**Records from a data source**
#####

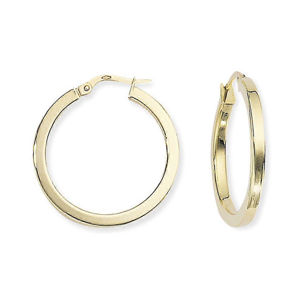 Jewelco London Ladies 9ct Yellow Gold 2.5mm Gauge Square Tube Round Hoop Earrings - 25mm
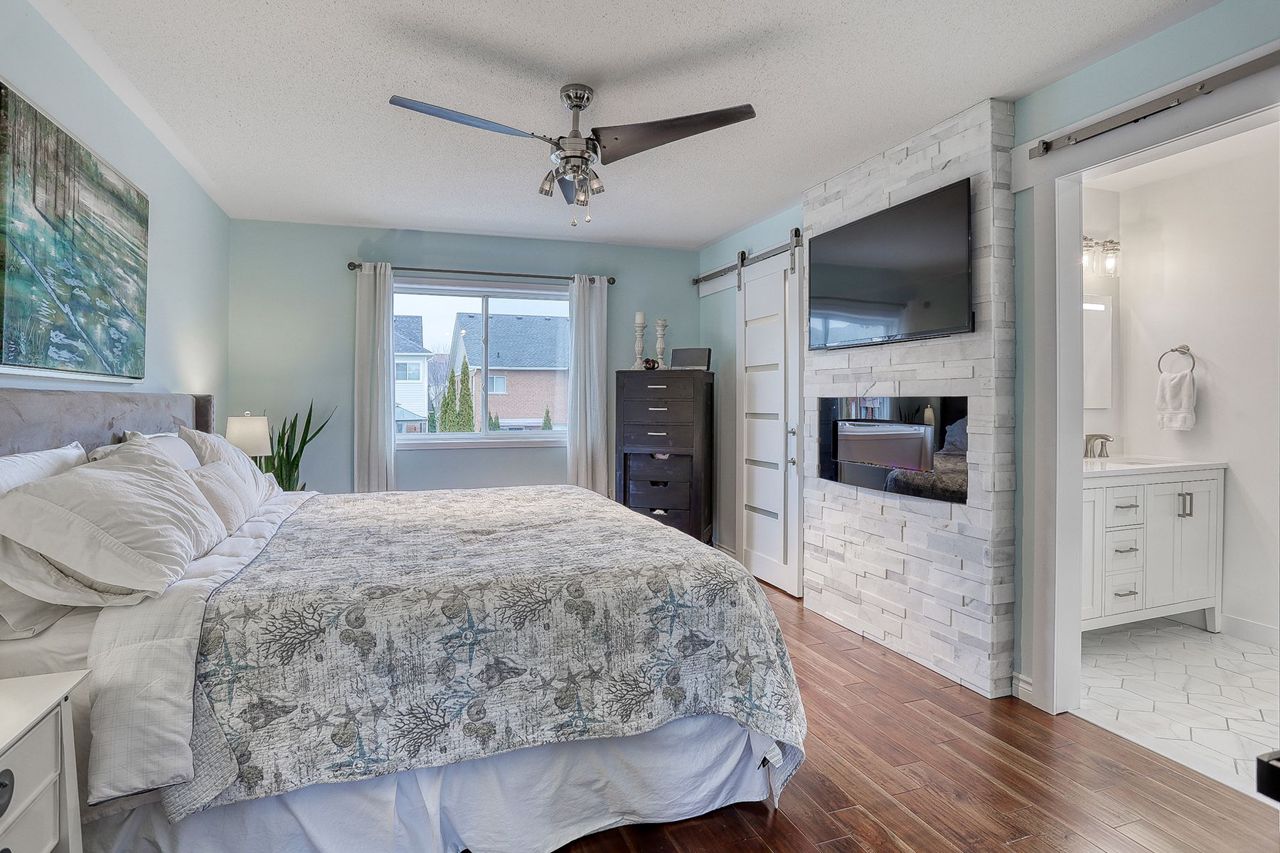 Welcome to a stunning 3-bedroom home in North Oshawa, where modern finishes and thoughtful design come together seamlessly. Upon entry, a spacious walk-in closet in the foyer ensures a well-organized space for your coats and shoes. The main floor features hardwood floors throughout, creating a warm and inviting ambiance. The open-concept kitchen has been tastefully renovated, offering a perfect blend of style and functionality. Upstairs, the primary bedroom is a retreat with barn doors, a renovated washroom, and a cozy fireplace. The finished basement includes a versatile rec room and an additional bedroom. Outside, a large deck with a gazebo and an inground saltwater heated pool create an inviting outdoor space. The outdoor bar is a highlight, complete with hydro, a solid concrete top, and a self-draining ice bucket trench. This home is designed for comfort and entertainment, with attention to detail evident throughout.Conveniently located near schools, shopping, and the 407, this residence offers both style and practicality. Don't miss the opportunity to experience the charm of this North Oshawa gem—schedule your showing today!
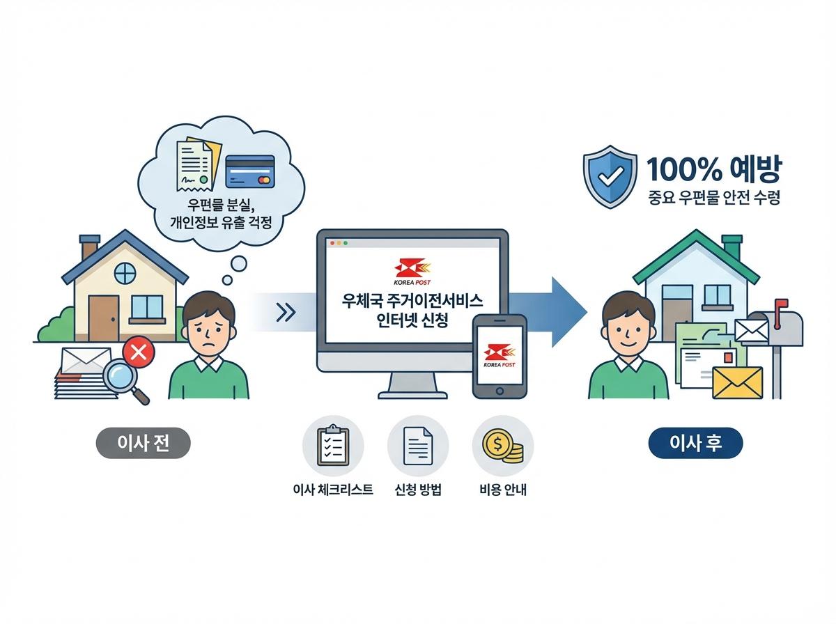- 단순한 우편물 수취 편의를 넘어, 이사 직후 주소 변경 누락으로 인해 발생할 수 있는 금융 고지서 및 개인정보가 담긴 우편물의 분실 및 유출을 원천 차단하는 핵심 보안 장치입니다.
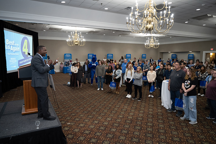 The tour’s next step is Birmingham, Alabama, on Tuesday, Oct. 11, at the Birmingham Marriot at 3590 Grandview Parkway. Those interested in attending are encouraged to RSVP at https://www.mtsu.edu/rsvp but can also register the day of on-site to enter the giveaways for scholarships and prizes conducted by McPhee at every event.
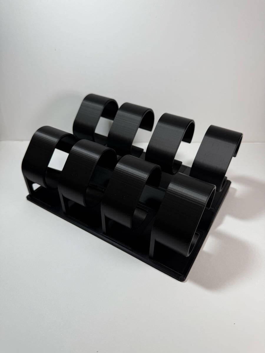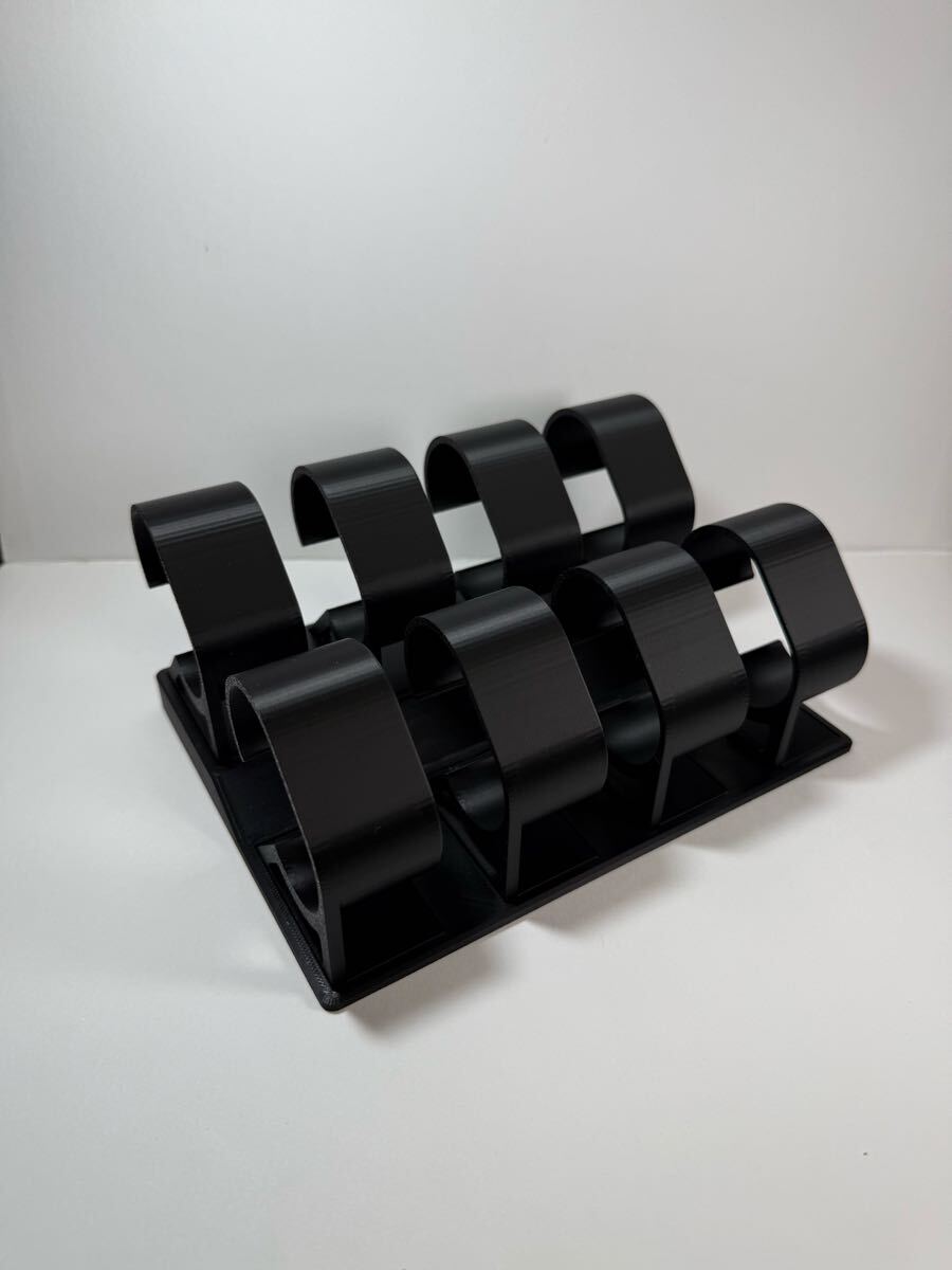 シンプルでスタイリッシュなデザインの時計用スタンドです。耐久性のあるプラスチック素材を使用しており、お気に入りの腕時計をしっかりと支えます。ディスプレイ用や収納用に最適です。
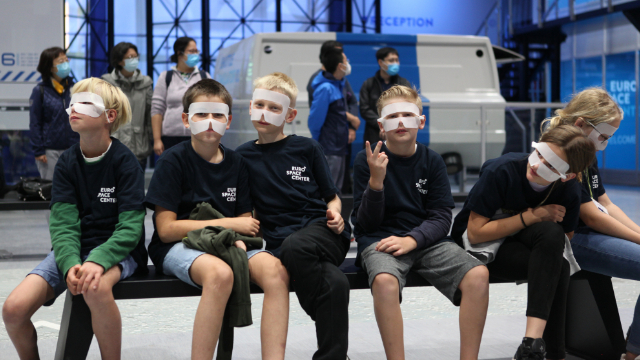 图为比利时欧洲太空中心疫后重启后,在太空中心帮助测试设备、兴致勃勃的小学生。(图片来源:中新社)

#####

**TASK REQUIREMENTS**
Reproduce all the records verbatim, excluding images.

**PROBLEM SOLUTION**
 Jewelco London Ladies 9ct Yellow Gold 2.5mm Gauge Square Tube Round Hoop Earrings - 25mm
 Welcome to a stunning 3-bedroom home in North Oshawa, where modern finishes and thoughtful design come together seamlessly. Upon entry, a spacious walk-in closet in the foyer ensures a well-organized space for your coats and shoes. The main floor features hardwood floors throughout, creating a warm and inviting ambiance. The open-concept kitchen has been tastefully renovated, offering a perfect blend of style and functionality. Upstairs, the primary bedroom is a retreat with barn doors, a renovated washroom, and a cozy fireplace. The finished basement includes a versatile rec room and an additional bedroom. Outside, a large deck with a gazebo and an inground saltwater heated pool create an inviting outdoor space. The outdoor bar is a highlight, complete with hydro, a solid concrete top, and a self-draining ice bucket trench. This home is designed for comfort and entertainment, with attention to detail evident throughout.Conveniently located near schools, shopping, and the 407, this residence offers both style and practicality. Don't miss the opportunity to experience the charm of this North Oshawa gem—schedule your showing today!
- 단순한 우편물 수취 편의를 넘어, 이사 직후 주소 변경 누락으로 인해 발생할 수 있는 금융 고지서 및 개인정보가 담긴 우편물의 분실 및 유출을 원천 차단하는 핵심 보안 장치입니다.
 The tour’s next step is Birmingham, Alabama, on Tuesday, Oct. 11, at the Birmingham Marriot at 3590 Grandview Parkway. Those interested in attending are encouraged to RSVP at https://www.mtsu.edu/rsvp but can also register the day of on-site to enter the giveaways for scholarships and prizes conducted by McPhee at every event.
 シンプルでスタイリッシュなデザインの時計用スタンドです。耐久性のあるプラスチック素材を使用しており、お気に入りの腕時計をしっかりと支えます。ディスプレイ用や収納用に最適です。
 图为比利时欧洲太空中心疫后重启后,在太空中心帮助测试设备、兴致勃勃的小学生。(图片来源:中新社)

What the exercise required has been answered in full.